[Task description] Please reproduce all of the data below exactly, leaving each picture out.

[Provided material]

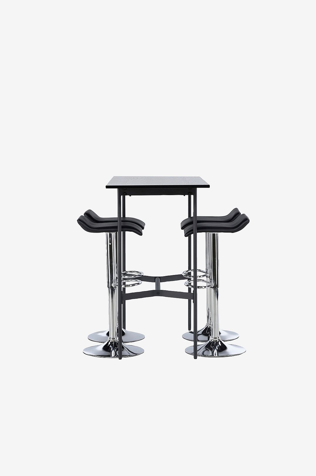 En avskalad bargrupp med trendig design! Det minimalistiska barbordet rax har en tunn bordsskiva i mdf och smala bordsben med integrerat fotstöd i metall. Här i kombination med barstolar från serien jonna. Stolen har en stilsäker design med en trumpetfot i kromat stål och en enkel sits i konstläder. Ta din inredning till nya höjder!
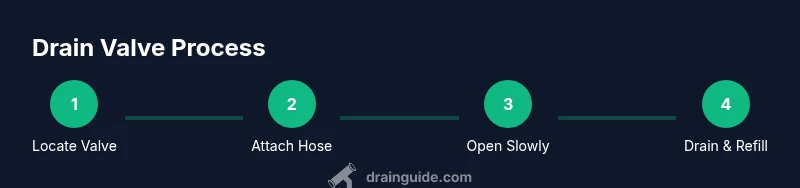 Locating and using the drain valve is a common home maintenance task, and knowing the right location helps you complete the job safely and efficiently. If you search for 'where is drain valve on water heater', you’re seeking the key outlet that lets you empty the tank for sediment removal, repairs, or replacement. On most household units, the valve sits near the bottom of the tank, often with a short discharge pipe leading to a floor drain or outside area. The valve is typically brass, with a threaded outlet that accepts a garden-hose-style connection. Before you touch it, remember: the water can be hot, and the tank may be pressurized, so proceed with caution and use proper safety gear. Drain Guide emphasizes verifying that the heater has cooled and that you have a clear drainage path before starting.
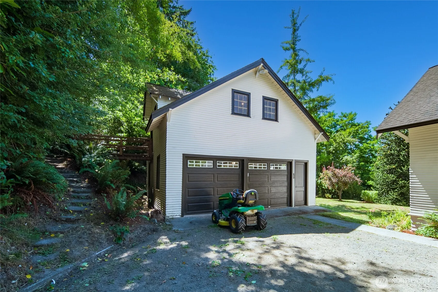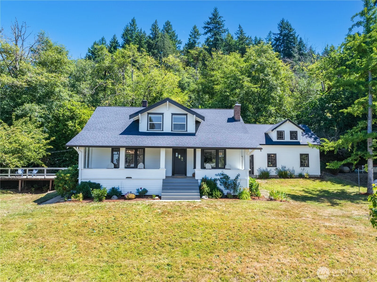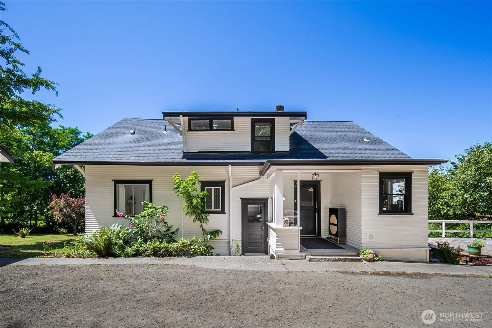 Classic 1920s Westside Craftsman farmhouse with panoramic views of Colvos Passage and stunning Olympic Mountain sunsets. Enjoy vistas and sunsets from every floor, the expansive sitting porch, large BBQ deck, or the hot tub. Original millwork and built-ins throughout blend timeless charm with modern updates. Set on 9+ acres with mature orchard with producing blueberry bushes, apple, pear, and cherry trees, plus heritage grape vines as well as walking trails into the hills. Detached 2-car garage with a 580+ sq ft unfinished studio upstairs—full of renovation potential. Major 2021–24 upgrades: new roofs, septic, kitchen, both bathrooms, appliances, paint, electrical, plumbing, and more. Wired-in generator and water filtration system included!
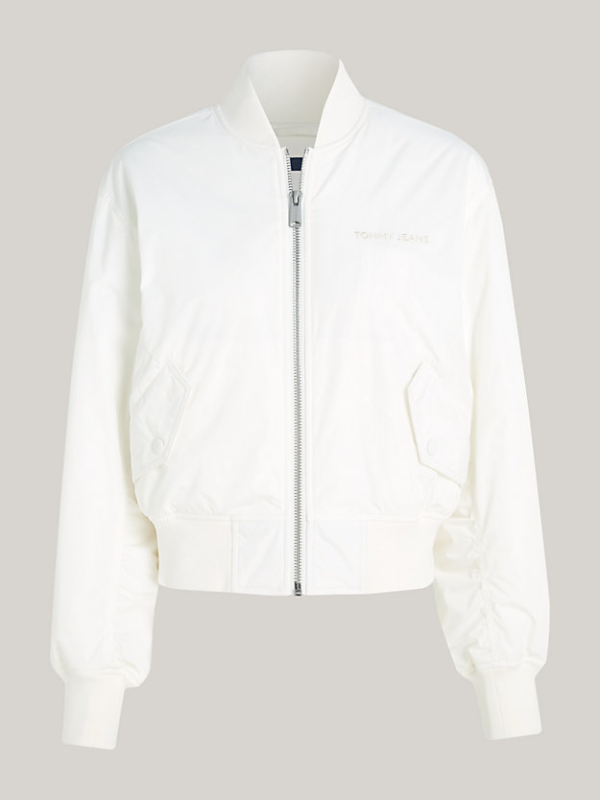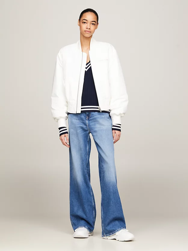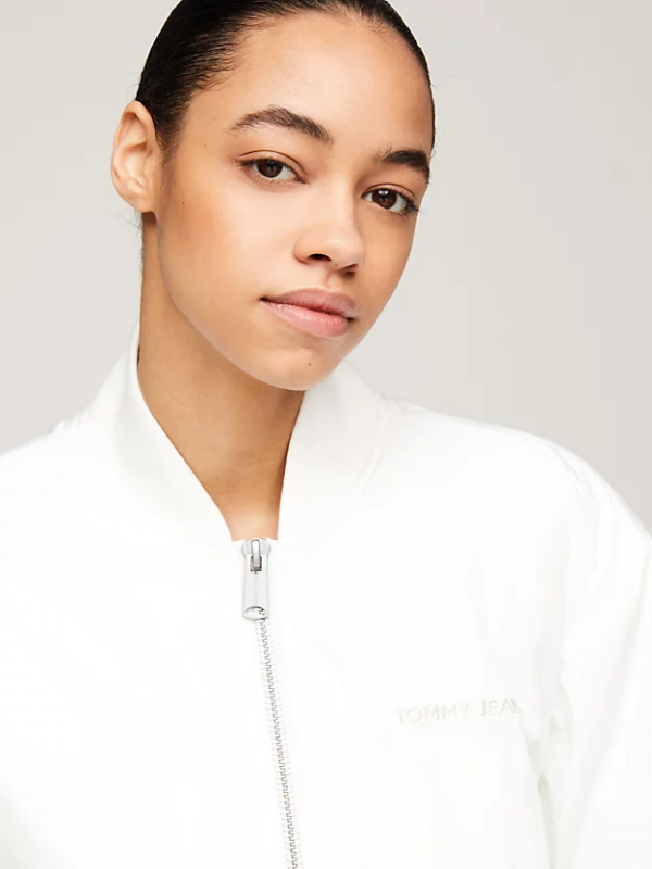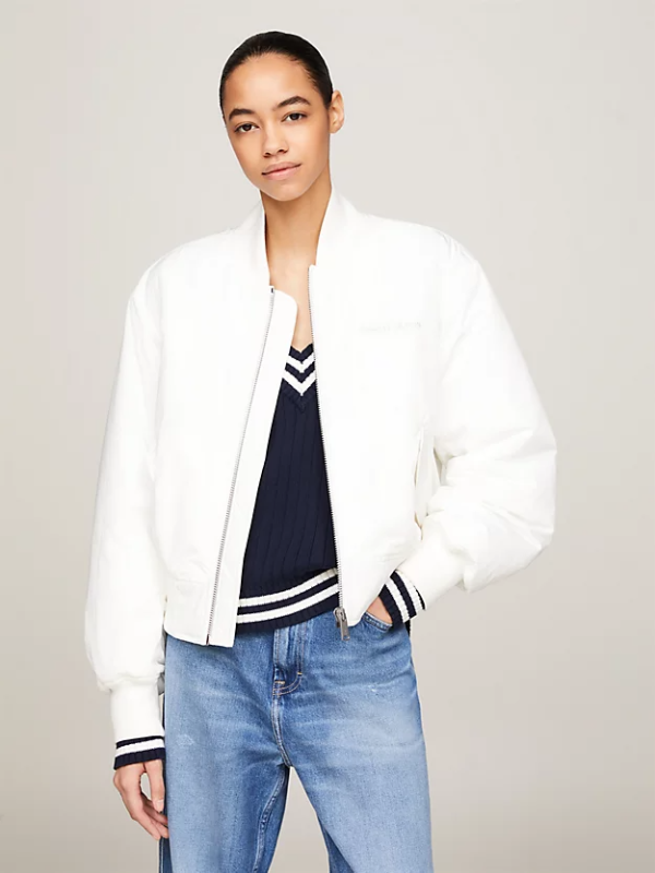 Zakopčajte ovu lagano podstavljenu Tommy Hilfiger bomber jaknu za udoban, ležeran dojam s blago spuštenim ramenima i visokim bejzbol ovratnikom.

[Exercise answer]
 En avskalad bargrupp med trendig design! Det minimalistiska barbordet rax har en tunn bordsskiva i mdf och smala bordsben med integrerat fotstöd i metall. Här i kombination med barstolar från serien jonna. Stolen har en stilsäker design med en trumpetfot i kromat stål och en enkel sits i konstläder. Ta din inredning till nya höjder!
 Locating and using the drain valve is a common home maintenance task, and knowing the right location helps you complete the job safely and efficiently. If you search for 'where is drain valve on water heater', you’re seeking the key outlet that lets you empty the tank for sediment removal, repairs, or replacement. On most household units, the valve sits near the bottom of the tank, often with a short discharge pipe leading to a floor drain or outside area. The valve is typically brass, with a threaded outlet that accepts a garden-hose-style connection. Before you touch it, remember: the water can be hot, and the tank may be pressurized, so proceed with caution and use proper safety gear. Drain Guide emphasizes verifying that the heater has cooled and that you have a clear drainage path before starting.
 Classic 1920s Westside Craftsman farmhouse with panoramic views of Colvos Passage and stunning Olympic Mountain sunsets. Enjoy vistas and sunsets from every floor, the expansive sitting porch, large BBQ deck, or the hot tub. Original millwork and built-ins throughout blend timeless charm with modern updates. Set on 9+ acres with mature orchard with producing blueberry bushes, apple, pear, and cherry trees, plus heritage grape vines as well as walking trails into the hills. Detached 2-car garage with a 580+ sq ft unfinished studio upstairs—full of renovation potential. Major 2021–24 upgrades: new roofs, septic, kitchen, both bathrooms, appliances, paint, electrical, plumbing, and more. Wired-in generator and water filtration system included!
 Zakopčajte ovu lagano podstavljenu Tommy Hilfiger bomber jaknu za udoban, ležeran dojam s blago spuštenim ramenima i visokim bejzbol ovratnikom.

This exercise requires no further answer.